Cache memories are used to decrease the average memory access time in many microprocessor systems. Cache memories typically are smaller and faster (i.e., lower access time) than main memory, and are used to store frequently used information (hereinafter called a "data word"). The CPU first searches the cache for the address of the requested data word and, if present, retrieves the data word stored at that address. However, when the CPU requests a data word that is not in the cache, the CPU accesses main memory and stores the data word in the cache. Oftentimes, storing information in the cache requires that an equal amount of information already stored in the cache be deleted.
Two of the main types of cache memories are set associative caches and direct mapped caches.

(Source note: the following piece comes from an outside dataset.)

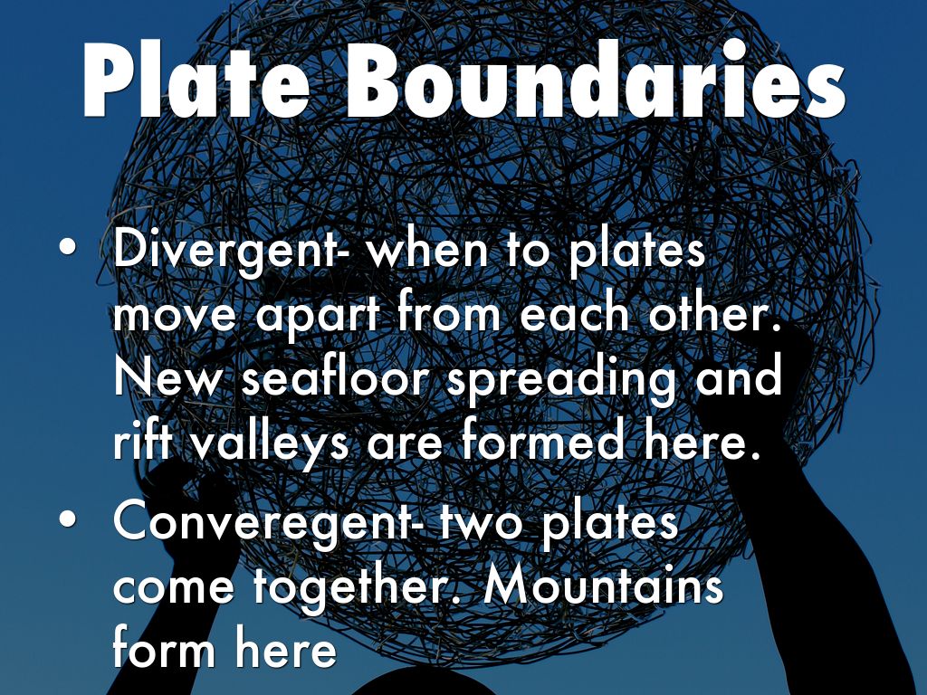 - Divergent- when to plates move apart from each other. New seafloor spreading and rift valleys are formed here.
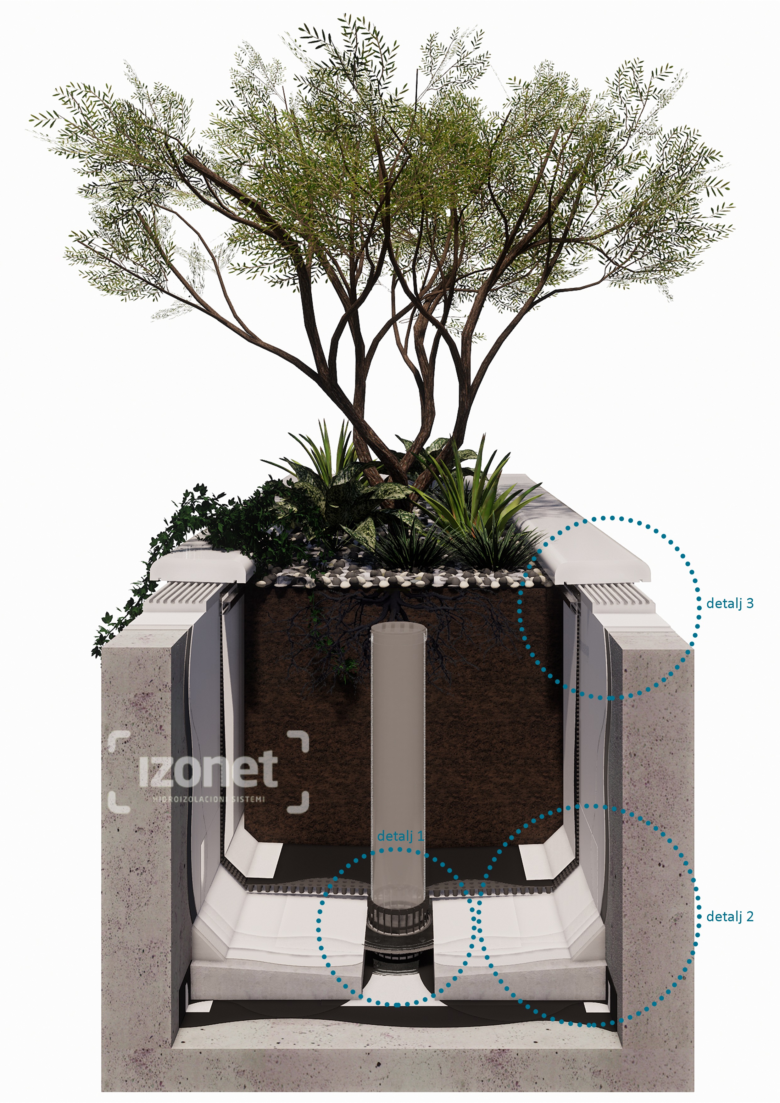 • Ovdje ćemo obraditi jedan tip duboke žardinjere sa svim tehničkim pojedinostima koja po svom konstruktivnom i sadržajnom smislu spada u red intenzivnih ili masivnih zelenih krovova. Takve žardinjere su pogodne za sadnju kako grmolikih biljaka i cvijeća, tako i stabala.

In both types of caches, the address requested by the CPU is divided into a tag and index, with the tag typically comprising the higher order bits and the index comprising the lower order bits.
In a direct mapped cache, the cache is accessed by index (i.e., the index serves as an "address" where the data word and its tag is stored in the cache memory). Thus, the CPU sends the address of the requested data word to the cache. The index is used to access the cache and the data word and tag stored at the index is read. The stored tag is compared to the tag of the requested data word and, if they match, the data word is sent to and used by the CPU. Thus, in a direct mapped cache, an address in main memory can be mapped to only one particular cache location.
In contrast to direct mapped caches, set associative caches have at least two "sets" of possible stored information (i.e., data word and tag) for each index. The sets are distinguished from each other by tag. When the CPU requests an address be accessed, the requested address's index is used to access all of the sets associated with that index, and the requested address's tag is compared to each set's tag until a match is found (as in an associative memory, hence the name "set associative"). If a match occurs, the data word associated with the matched tag is sent to and used by the CPU. Thus, in a set associative cache, an address in main memory can be mapped into as many locations in the cache as there are sets.
In some applications, the tags of critical data words are stored in the cache and "locked" to prevent them from being deleted so that the data word can always be accessed as quickly as possible. Thus, other data words having the same index (but different tags) as locked data words cannot force deletion of "locked" data from the cache during normal cache miss refill processing.
Cache locking is difficult to implement in a conventional direct mapped cache. For example, FIG. 1 shows a memory mapping of a 16 word main memory and an 8 word direct mapped cache memory. A 16 word memory requires a 4 bit address, which in this example, is divided into a 1 bit tag and a 3 bit index. In this mapping, physical address ranges 0000-0011 and 1000-1011 map into cache index range 000-011, whereas physical address ranges 0100-0111 and 1100-1111 map into cache index range 100-111.
In this example, the indexes 000-011 are locked to keep a critical 4 word program stored at physical address range 0000-0011 (word 0-word 3) in the cache at all times. Thus, word 0-word 3 are stored in the cache at cache index range 000-011. Consequently, the programs stored at physical address range 1000-1011 (i.e., word 8-word 11) cannot be cached, while the information stored at physical address ranges 0100-0111 and 1100-1111 can be cached. As a result, an eight word program would have to be broken down into two discontiguous 4 word sections and stored at 0100-0111 and 1100-1111 in order to be completely "cacheable".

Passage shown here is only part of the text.